Well, this weekend started with a pregnancy test. A negative one.
By Friday, when I was officially 6 days late, I sent my husband to Rexall to both refill my prescription for Tricyclen Lo and to buy a two-pack of pregnancy tests. Yes, the pharmacist realized the irony of the situation (“Well, sir, good luck with whatever results you get here…”) and so did we.
It’s funny, this.
Of late, I had been a little surprised by Isabella’s reluctance to start reading. Both Emily and Josh were reading early – at 4 – and reading like gangbusters. The devoured books and started climbing the Fountas & Pinell reading level ladder with mad speed. Isabella, my baby, showed little signs of even wanting to read. She was happy to have her books read to her, over and over and over and over. And I suppose that since she’s my baby, I happily obliged. The cuddliest of my children, there’s little I enjoy more than crawling into bed with her for a little Fancy Nancy and Jillian Jiggs. She would bring word lists home of sight words, and they just weren’t clicking. And then, sometime around November, not only did they start clicking, but she was plowing through those lists. The first list took her two months to memorize, but then in November, she went through six or seven new lists. By January, she was reading BOOKS. Cover to cover, with little-to-no help. All she wants to do is read now. All day long. She brings me anything that has words on it. Newspapers, magazines, phone bills. She just wants to devour every single word. It took her a while to get there, but once she did. HOO BOY. She can’t be stopped.

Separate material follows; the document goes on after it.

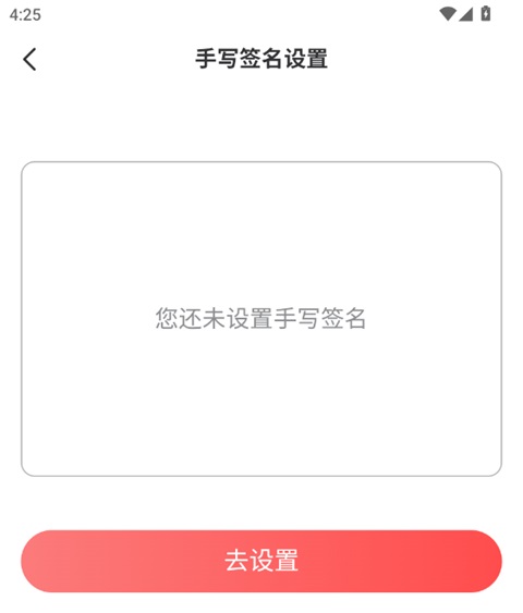 2、 点击页面中的"去设置"按钮,进入手写签名绘制界面;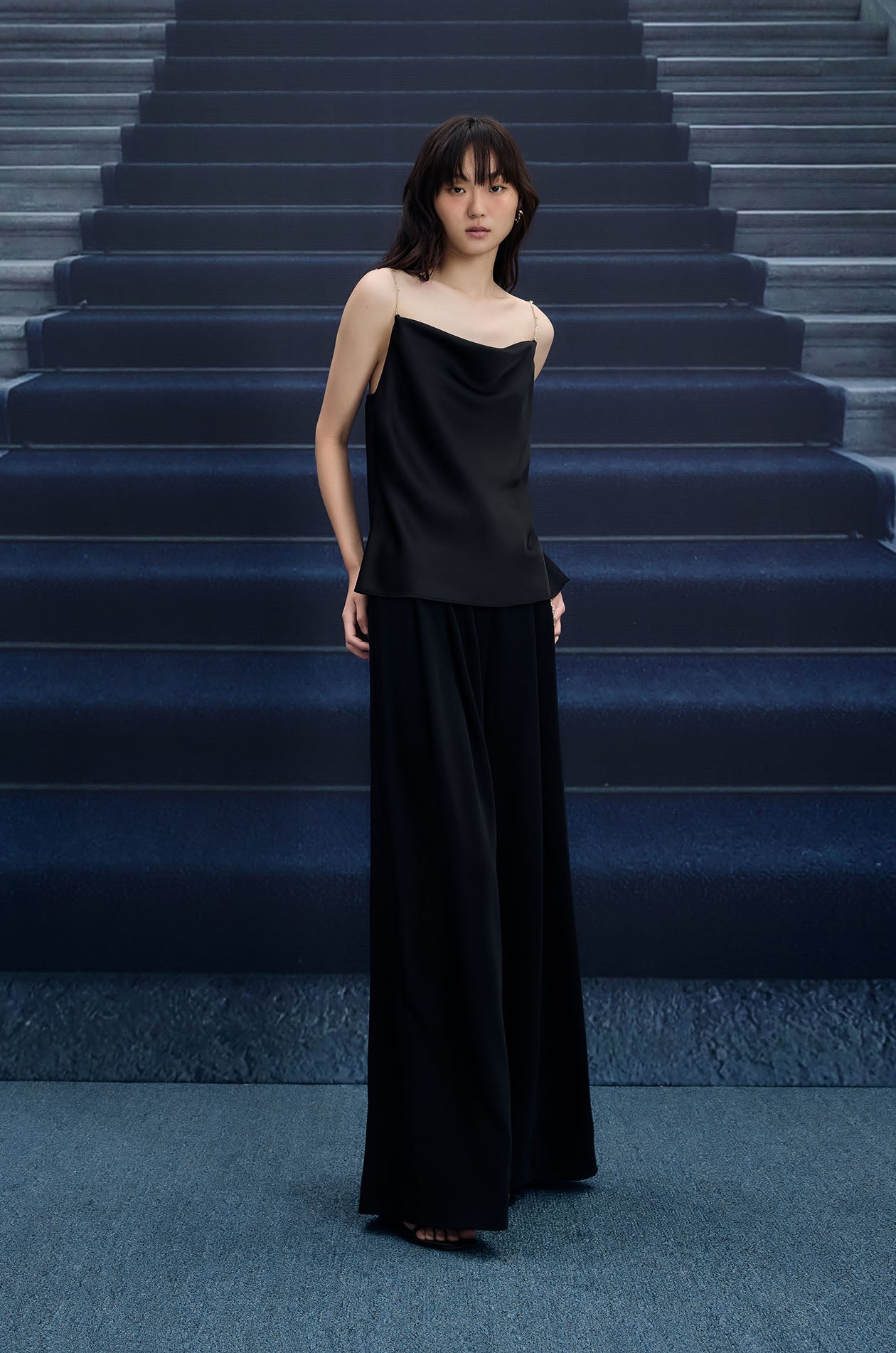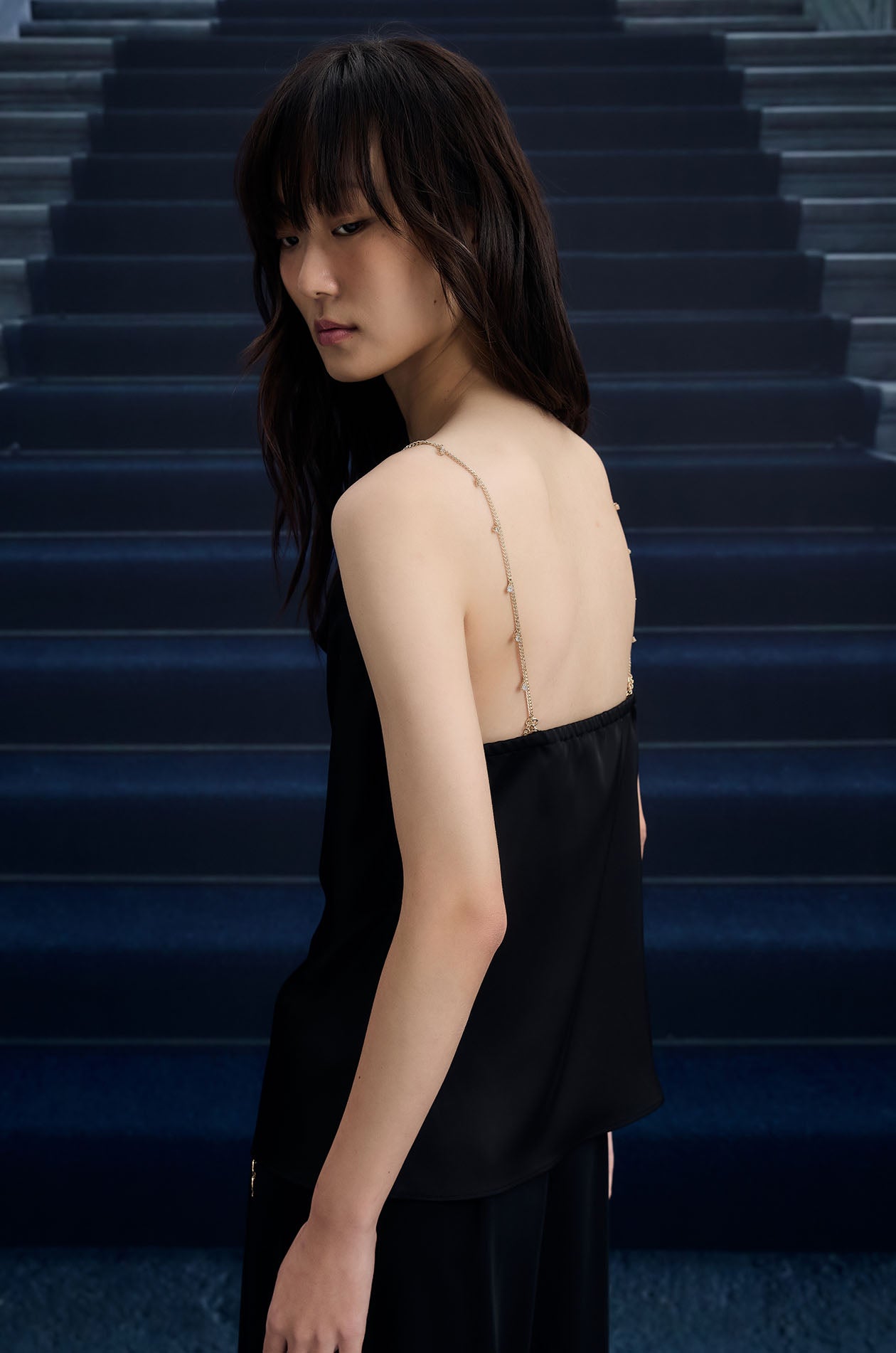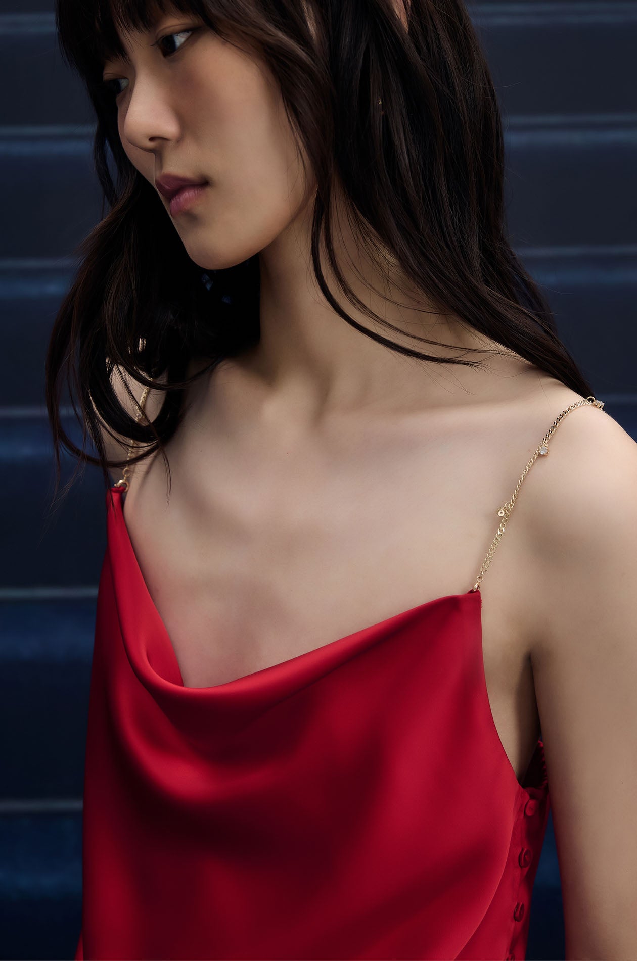 Strappy cami top in satin. Cowl neckline and removable chain straps with rhinestones embellishment. Side button closure. Available in black and red.

You guys. My baby is reading.
My baby no longer needs ME to read to HER.
It’s the end of an era. I have said all along that five is this magic age where our lives suddenly become easier. When we move out of the super tiring parenting stage into a place where we can do things with the kids. We can play games that don’t involve any chutes or any ladders. We can watch movies that made us laugh and don’t make use bleed from our eyeballs. We can – GASP! – travel.
Baby days are over.
And then, on Friday, minutes before I sat in my bathroom and peed on a stick (Okay, fine, I peed on them both) all I could think about was how my life was going to change. Another pregnancy. No more caffeine or sushi or xanax or prevacid or A WAISTLINE. Another round of sore boobs, sleepless nights. DIAPERS. Where was I going to put this baby? When we moved we got rid of everything. Clothing, seven strollers (YES. Seven.), my high chair, my bouncy chairs, my bottles, my sippy cups. I even tossed that little blue bath seat that hasn’t been used since 2005. I thought about how I would be getting drinks for another 6 years; how I’d be playing chutes and ladders and watching Dora the Explorer and
READING TO ANOTHER BABY.
And then I thought
Another baby!
That means cuddles and snuggles and that delicious-smelling newborn stage. First smiles and first rolls and first crawls and first words and first walks. A possible brother for Josh. A chance for Isabella to be a big sister. BABY FEET. READING TO ANOTHER BABY.
Yes. Whatever the outcome. The Martells were going to be okay.